When a distribution is symmetric, it means data points are evenly distributed around the mean, resulting in a balanced shape in histograms or density plots. In contrast, left-skewed distributions have a longer tail on the left side, while right-skewed distributions have a longer tail on the right. These skewness patterns influence how we interpret data’s central tendency and spread, underscoring the importance of understanding distribution shapes to draw accurate conclusions from data analysis.

Skewness

Skewness in distributions reflects where outliers or extreme values tend to cluster. A symmetric distribution shows a balanced spread of values around the mean, with no prominent skewness towards either end. Here, the mean, median, and mode is typically close in value.

In contrast, a left-skewed distribution features a longer tail on the left side, where fewer but extremely low values pull the mean towards them, away from the median and mode. This skewness suggests the data is concentrated towards higher values, with outliers predominantly on the lower end.

Skewness

Conversely, a right-skewed distribution displays a longer tail on the right side, indicating more extreme high values that pull the mean in their direction, away from the median and mode.
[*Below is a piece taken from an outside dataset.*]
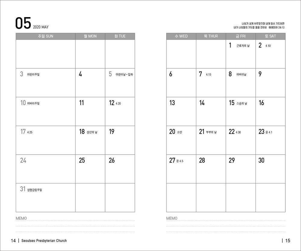 해마다 연초가 되면 교회에서 요람이나 수첩 등을 나누어 줍니다. 하지만 받고나면 한번보곤 말지요. 필요가 없어서일 수도 있지만 복잡하고 어수선한 이유일 수도 있습니다. 저희 그리심에서는 일정한 편집과 디자인으로 제작해 드립니다. 매년 제작하다보면 요람이나 수첩이 작은 역사책이 되어 우리교회의 역사를 아는데 많은 도움이 되곤합니다.

This skewness implies a dataset where outliers are mostly clustered at the higher end of the distribution. Understanding skewness helps analysts interpret data trends accurately, ensuring that summary statistics reflect the true central tendency and spread of the dataset.

In a box plot, the “box” represents the interquartile range (IQR) of the data. Inside the box, you find the median (50th percentile) of the dataset. The “whiskers” extend from the box to show the range of the data excluding outliers, often defined as 1.5 times the IQR beyond the quartiles.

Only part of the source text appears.